Hello Mat.As shown in the code, I need to do a number of matrix multiplications and add the results of these matrix multiplications as follows
#pragma acc parallel loop reduction(output[0:BF_num * NFFT])
for (i = 0; i < size; i++)
{
//Matrix generation
#pragma acc loop indenpendent present(Part_w,Input_w)
for (j = 0; j < Block_BF_Array; j++)
Part_w[i] = Input_w[i * Block_BF_Array + j];
//Matrix multiplication
#pragma acc host_data use_device(Part_w,Input_data,tmp)
{
cublasZgemm(Handle_gem, CUBLAS_OP_N, CUBLAS_OP_N, NFFT, BF_num, M_Array, &alpha, Input_data, NFFT, Part_w, M_Array, &beta, tmp, NFFT);//180*NFFT
}
//Sum and add
for (j = 0; j < BF_num * NFFT; j++)
{
output[j] = output[j] + pow(my_abs(tmp[i]), 2);
}
I only realized a general idea based on my own understanding, and I have some questions.
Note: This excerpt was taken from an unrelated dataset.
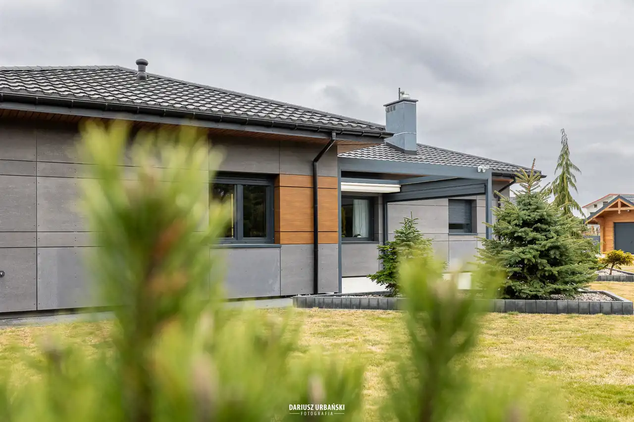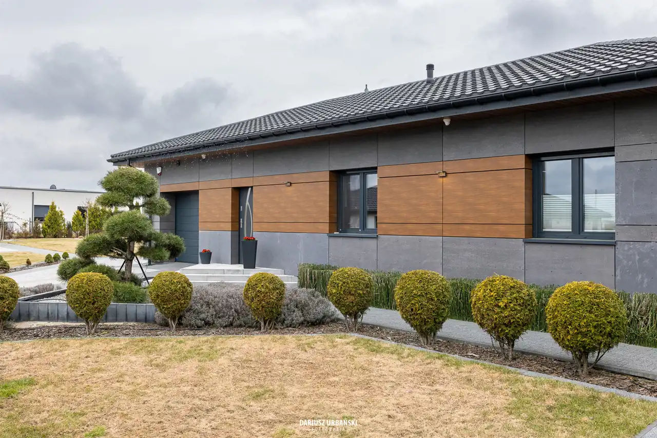 Parterowy bungalow, wolnostojący dom o powierzchni całkowitej 140 mkw z garażem w bryle budynku. Dodatkowy garaż usytuowany na działce z oddzielną bramą wjazdową.

Can I directly extract some variables on the GPU, such as
1.Input_w is a big variable, after I copy it to GPU, every time I only want to use part of it for calculation, I can only think of reassigning to other variables through OpenACC, is there any better way?
- I repeatedly call the cublas function in the loop, but I always use a handle, is that OK?